- Developer: Three Rings Design
- Publisher: Three Rings Design
- Engine: jMonkey Engine
- Platforms: Windows, Linux, Mac OS X, SteamOS
- Release: 2006-12-01
- Genres: Strategy, Western
- Modes: Online single- and multi-player

= Bang! Howdy =

2006 video game

Bang! Howdy is an online free-to-play, hybrid turn based and real time strategy game created by American company Three Rings Design. It was originally released on December 1, 2006 after public beta testing by Grey Havens, a non-profit organization founded by several former employees of Three Rings. In 2008, the game reached a milestone of 500,000 players as reported on Three Rings' website.

The game mixes different elements from a variety of related genres, namely Western, steampunk, and Native American mythology. This is evident in the game's different locales and various gameplay elements.

At the 2006 Game Developer's Conference, Three Rings described Bang! Howdy's gameplay formula as "Chess + Mario Kart + Real Time/Turn-Based + Steampunk Westerns + Secret Sauce".

== Setting ==

Bang! Howdy incorporates many elements from the Western and steampunk genres, as well as Native American mythology.

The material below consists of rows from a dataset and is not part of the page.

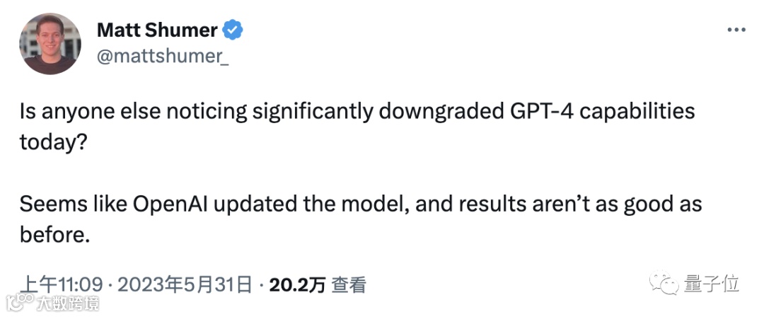在Twitter上较早提出这个问题的,是HyperWrite(一款基于GPT API开发的写作工具)的CEO,Matt Shumer。
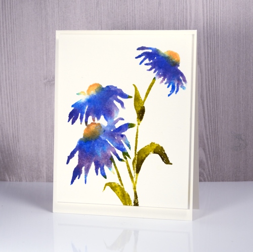 My second attempt is a little different as I used some of the same colour stsains but also pulled out my pearlescent finetec paints and painted some directly on the stamp and the panel, blue on the petals, green on the leaves and gold on the flower centres. It is hard to see in the photo but there is definitely some shimmer happening.
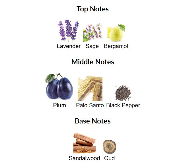 Top notes are Lavender, Sage and Bergamot; middle notes are Plum, Palo Santo and Black Pepper; base notes are Sandalwood and Oud.

This is evident in the game's different "towns", player lobbies which also act as the different main settings of the game, outside of in-game instances.

Frontier Town is the game's starting town. It is modelled after the archetypal "Western" town found in most depictions of the genre, complete with a saloon, general store, and sheriff's office.

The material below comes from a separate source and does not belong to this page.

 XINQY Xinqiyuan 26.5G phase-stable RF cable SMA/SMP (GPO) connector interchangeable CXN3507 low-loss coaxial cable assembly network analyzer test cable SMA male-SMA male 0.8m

Indian Trading Post, the second town, is host to a variety of Native American-themed locales, shops, and non-player characters.

In addition to these, there are also the planned but still-unreleased towns of Boom Town, Ghost Town, and City of Gold. Aside from taking inspiration from and expanding on all the aforementioned genres, these last three towns would have also incorporated elements of Latin American folklore

The game also features a host of controllable units which are in-line with the game's established unique setting. For example, several of the players' available units are entirely mechanical, including autonomous artillery units, steam powered dirigibles, and a "steam gunman" robot. These can be played alongside the more conventional units such as cavalry and gunslingers. A third assortment of Native American-themed units can also be unlocked as players progress past the starting town, such as mystics with supernatural abilities and a unit inspired by the Thunderbird, a legendary creature in Native American mythology.

== Development ==
Initially conceived as an insect-themed game, the primary mechanic of Bang! Howdy is designed to get around the problems of both real-time and turn-based strategy. Michael Bayne, project leader of Bang! Howdy, described RTS as "overly complex and too fast-paced", and described turn-based strategy as "no fun when it's not your turn."

Bayne described the development approach as episodic, with the plan of getting the core game released quickly and working on new towns in turn.

The Steam version, which was released in July 2017, is maintained by Affliction Networks.

== Reception ==

Bang! Howdy won the Technical Excellence award from the 2007 Independent Games Festival, and was a finalist for the Seumas McNally Grand Prize. The editors of Computer Games Magazine presented Bang! Howdy with their 2006 "Best MMO Debut" award.

In game websites reviews it was received positively.